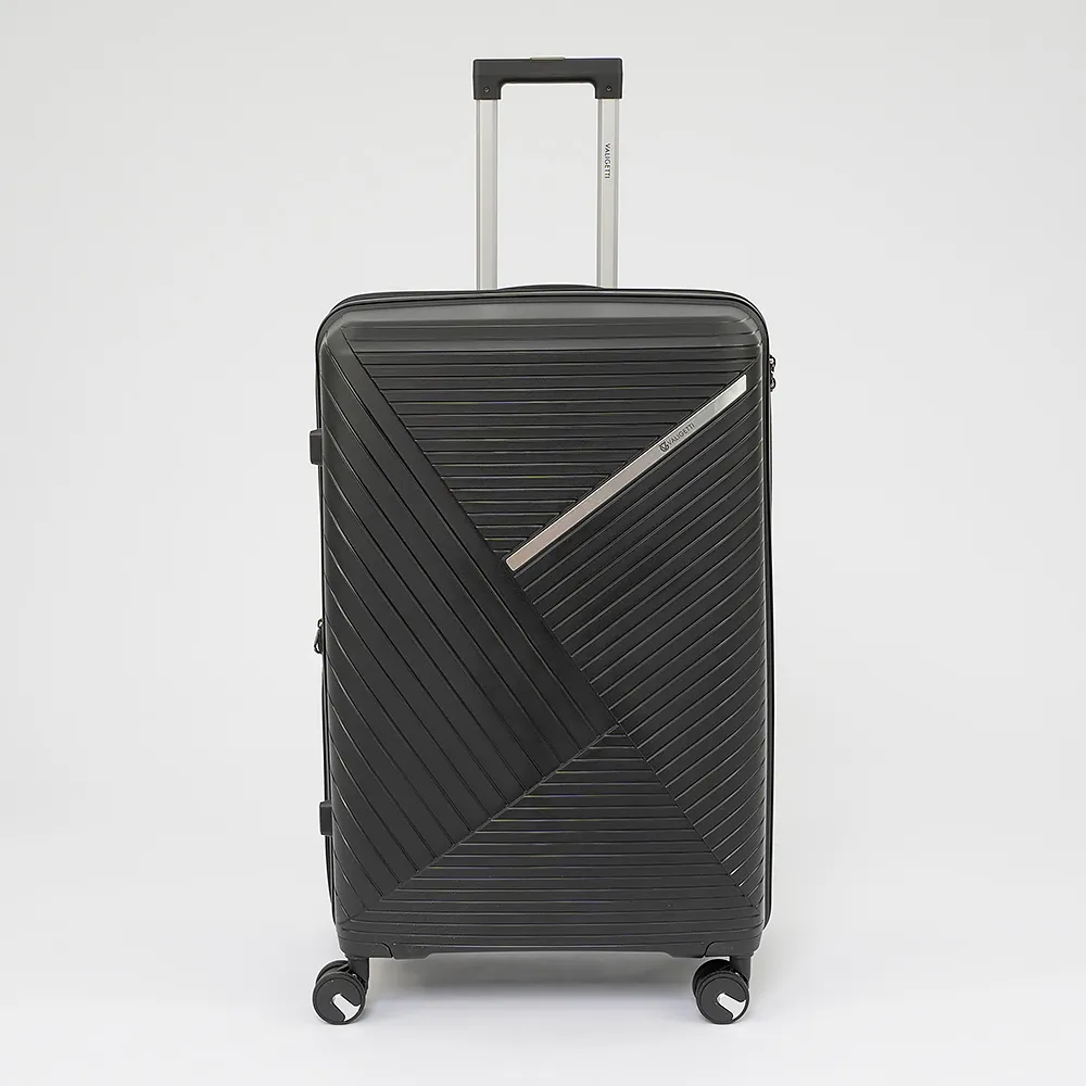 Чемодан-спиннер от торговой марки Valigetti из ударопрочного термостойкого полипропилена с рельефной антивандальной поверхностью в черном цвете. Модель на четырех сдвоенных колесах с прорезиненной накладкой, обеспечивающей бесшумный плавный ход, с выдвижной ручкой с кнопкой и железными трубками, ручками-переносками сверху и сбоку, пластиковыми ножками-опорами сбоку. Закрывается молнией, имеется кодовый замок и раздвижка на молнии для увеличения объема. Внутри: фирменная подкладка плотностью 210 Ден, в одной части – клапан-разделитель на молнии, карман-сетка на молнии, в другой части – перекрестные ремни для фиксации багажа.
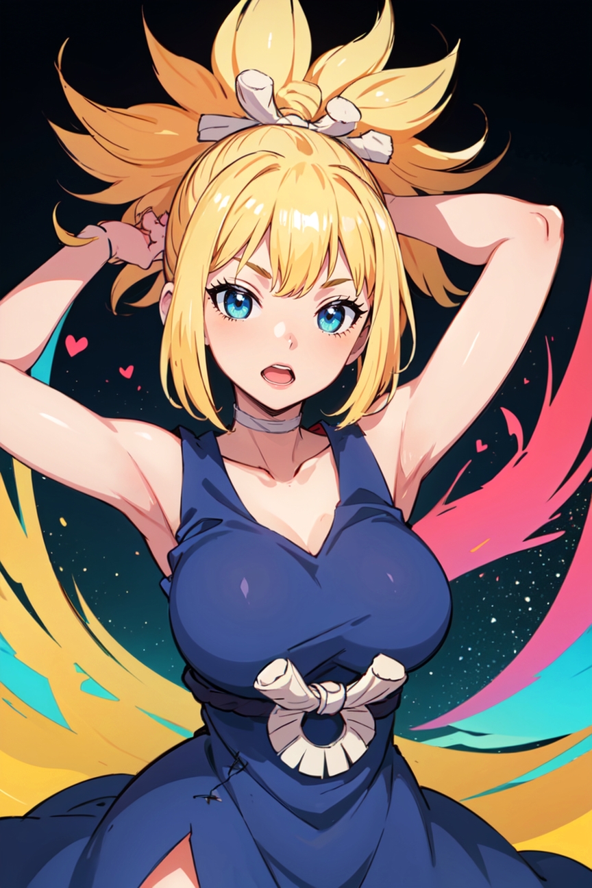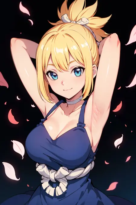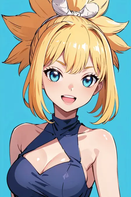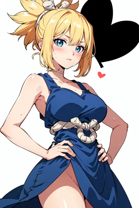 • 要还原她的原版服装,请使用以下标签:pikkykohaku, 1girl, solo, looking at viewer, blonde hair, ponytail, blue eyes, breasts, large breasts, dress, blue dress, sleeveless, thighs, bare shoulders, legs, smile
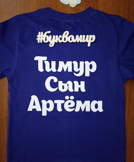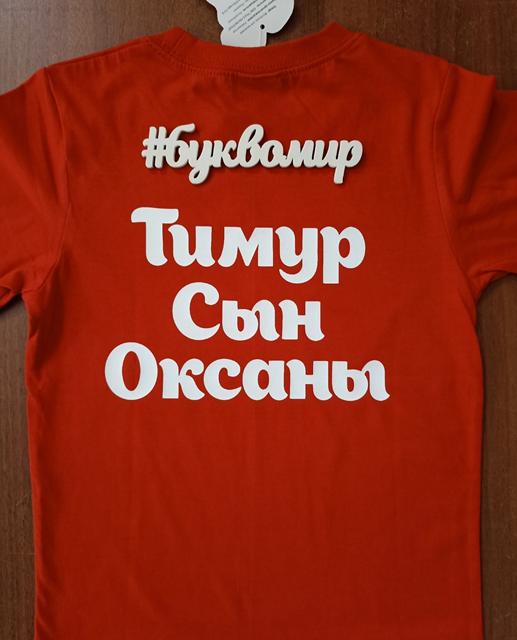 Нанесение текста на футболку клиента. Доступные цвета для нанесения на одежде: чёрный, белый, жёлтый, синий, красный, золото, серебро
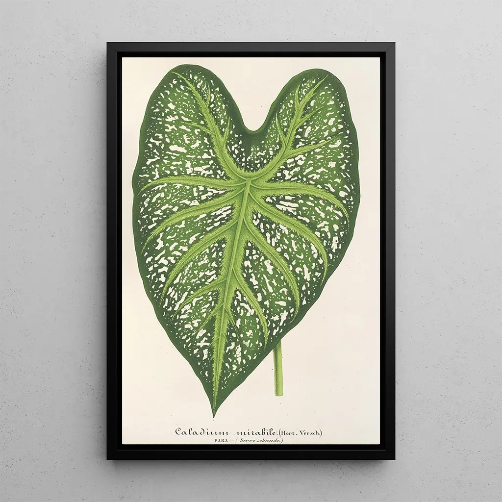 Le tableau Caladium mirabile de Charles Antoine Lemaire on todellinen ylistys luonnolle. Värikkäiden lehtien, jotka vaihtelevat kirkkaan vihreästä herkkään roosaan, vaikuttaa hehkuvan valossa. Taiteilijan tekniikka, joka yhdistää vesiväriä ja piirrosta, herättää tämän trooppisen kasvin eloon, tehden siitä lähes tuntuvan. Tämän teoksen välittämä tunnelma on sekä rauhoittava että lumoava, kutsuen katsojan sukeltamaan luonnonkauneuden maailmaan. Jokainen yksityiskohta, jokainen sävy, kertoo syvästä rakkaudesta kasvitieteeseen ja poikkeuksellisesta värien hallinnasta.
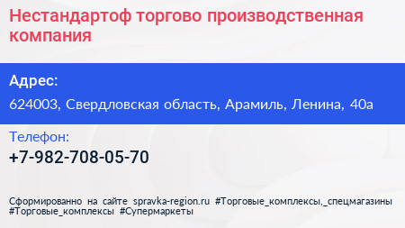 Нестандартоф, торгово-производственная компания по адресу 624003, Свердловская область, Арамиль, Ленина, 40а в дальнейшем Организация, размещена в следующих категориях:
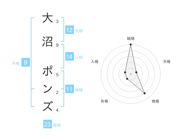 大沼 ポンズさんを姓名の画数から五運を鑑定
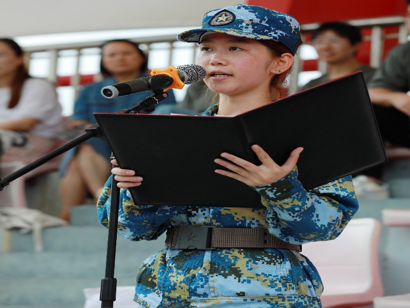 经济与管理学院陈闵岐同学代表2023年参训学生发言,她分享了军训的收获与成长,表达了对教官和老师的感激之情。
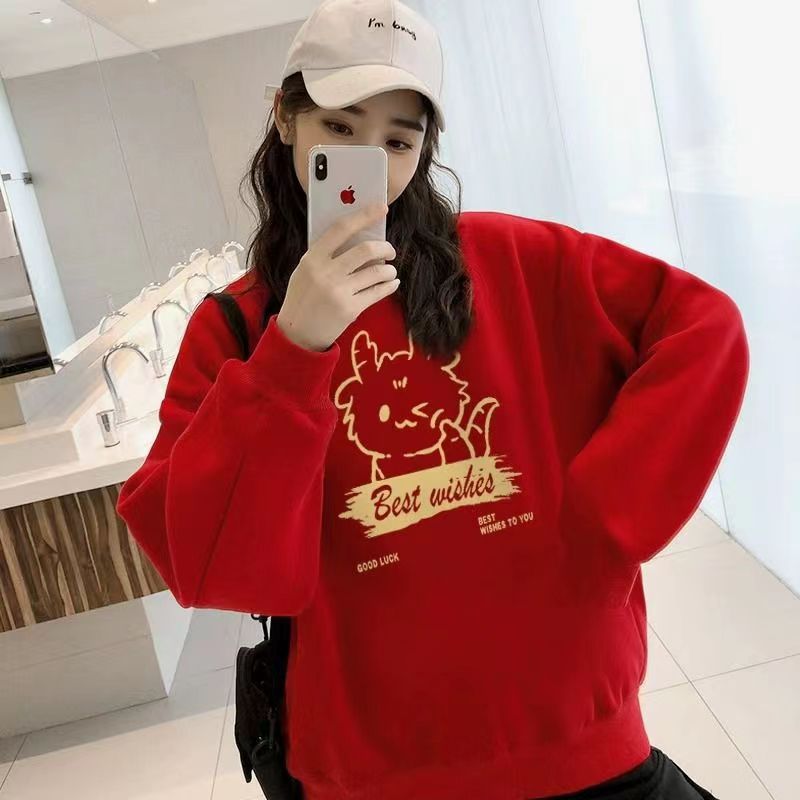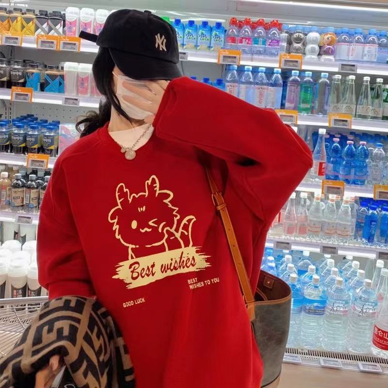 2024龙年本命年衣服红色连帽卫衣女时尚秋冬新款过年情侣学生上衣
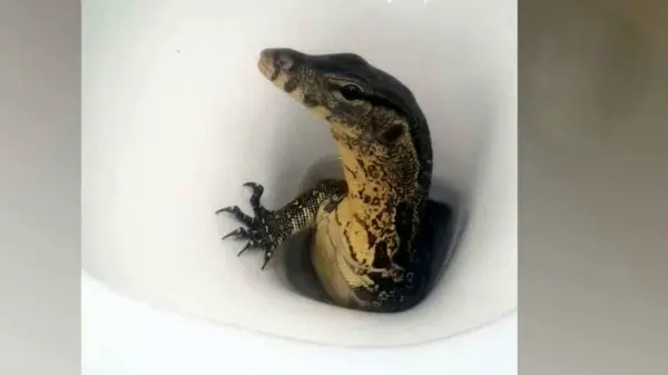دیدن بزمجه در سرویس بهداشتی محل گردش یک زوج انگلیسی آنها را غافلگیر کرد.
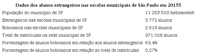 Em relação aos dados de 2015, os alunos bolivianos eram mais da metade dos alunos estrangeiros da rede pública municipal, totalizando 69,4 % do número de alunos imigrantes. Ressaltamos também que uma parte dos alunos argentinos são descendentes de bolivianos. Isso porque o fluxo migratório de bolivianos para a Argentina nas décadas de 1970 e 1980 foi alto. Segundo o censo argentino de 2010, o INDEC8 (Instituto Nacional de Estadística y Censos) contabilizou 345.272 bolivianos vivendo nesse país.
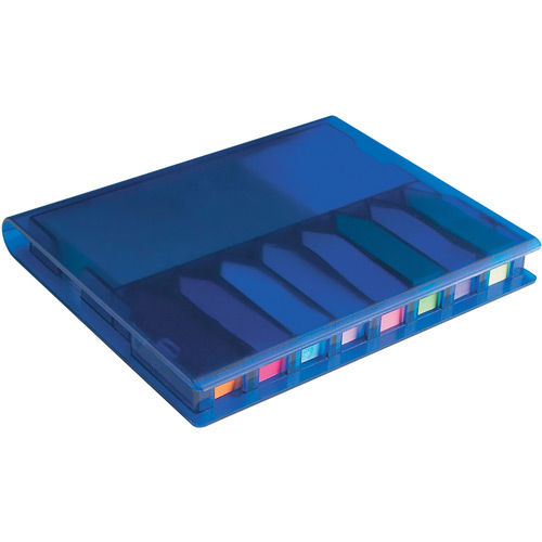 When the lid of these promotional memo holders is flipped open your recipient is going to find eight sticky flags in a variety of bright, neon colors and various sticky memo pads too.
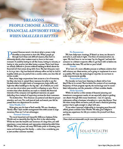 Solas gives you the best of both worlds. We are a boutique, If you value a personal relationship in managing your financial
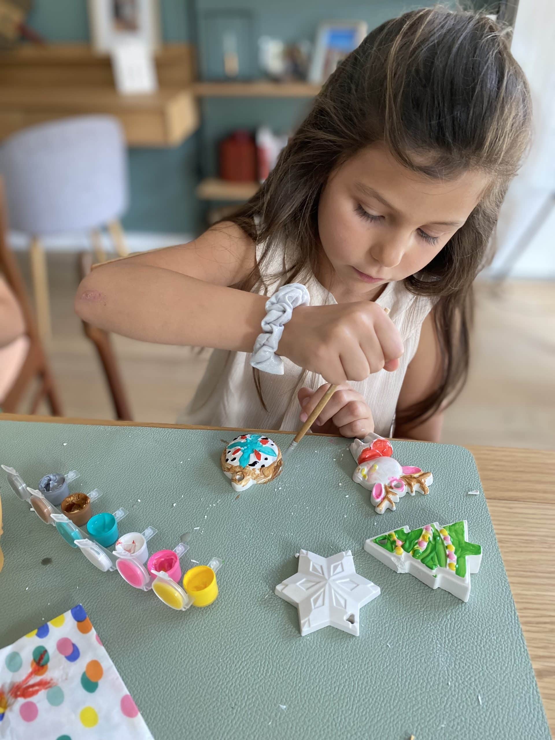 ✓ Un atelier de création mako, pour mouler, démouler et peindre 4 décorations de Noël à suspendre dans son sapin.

───

◆ Work order
Please copy the lines above exactly as written, apart from any pictures.

◆ Problem solution
 Чемодан-спиннер от торговой марки Valigetti из ударопрочного термостойкого полипропилена с рельефной антивандальной поверхностью в черном цвете. Модель на четырех сдвоенных колесах с прорезиненной накладкой, обеспечивающей бесшумный плавный ход, с выдвижной ручкой с кнопкой и железными трубками, ручками-переносками сверху и сбоку, пластиковыми ножками-опорами сбоку. Закрывается молнией, имеется кодовый замок и раздвижка на молнии для увеличения объема. Внутри: фирменная подкладка плотностью 210 Ден, в одной части – клапан-разделитель на молнии, карман-сетка на молнии, в другой части – перекрестные ремни для фиксации багажа.
 • 要还原她的原版服装,请使用以下标签:pikkykohaku, 1girl, solo, looking at viewer, blonde hair, ponytail, blue eyes, breasts, large breasts, dress, blue dress, sleeveless, thighs, bare shoulders, legs, smile
 Нанесение текста на футболку клиента. Доступные цвета для нанесения на одежде: чёрный, белый, жёлтый, синий, красный, золото, серебро
 Le tableau Caladium mirabile de Charles Antoine Lemaire on todellinen ylistys luonnolle. Värikkäiden lehtien, jotka vaihtelevat kirkkaan vihreästä herkkään roosaan, vaikuttaa hehkuvan valossa. Taiteilijan tekniikka, joka yhdistää vesiväriä ja piirrosta, herättää tämän trooppisen kasvin eloon, tehden siitä lähes tuntuvan. Tämän teoksen välittämä tunnelma on sekä rauhoittava että lumoava, kutsuen katsojan sukeltamaan luonnonkauneuden maailmaan. Jokainen yksityiskohta, jokainen sävy, kertoo syvästä rakkaudesta kasvitieteeseen ja poikkeuksellisesta värien hallinnasta.
 Нестандартоф, торгово-производственная компания по адресу 624003, Свердловская область, Арамиль, Ленина, 40а в дальнейшем Организация, размещена в следующих категориях:
 大沼 ポンズさんを姓名の画数から五運を鑑定
 经济与管理学院陈闵岐同学代表2023年参训学生发言,她分享了军训的收获与成长,表达了对教官和老师的感激之情。
 2024龙年本命年衣服红色连帽卫衣女时尚秋冬新款过年情侣学生上衣
دیدن بزمجه در سرویس بهداشتی محل گردش یک زوج انگلیسی آنها را غافلگیر کرد.
 Em relação aos dados de 2015, os alunos bolivianos eram mais da metade dos alunos estrangeiros da rede pública municipal, totalizando 69,4 % do número de alunos imigrantes. Ressaltamos também que uma parte dos alunos argentinos são descendentes de bolivianos. Isso porque o fluxo migratório de bolivianos para a Argentina nas décadas de 1970 e 1980 foi alto. Segundo o censo argentino de 2010, o INDEC8 (Instituto Nacional de Estadística y Censos) contabilizou 345.272 bolivianos vivendo nesse país.
 When the lid of these promotional memo holders is flipped open your recipient is going to find eight sticky flags in a variety of bright, neon colors and various sticky memo pads too.
 Solas gives you the best of both worlds. We are a boutique, If you value a personal relationship in managing your financial
 ✓ Un atelier de création mako, pour mouler, démouler et peindre 4 décorations de Noël à suspendre dans son sapin.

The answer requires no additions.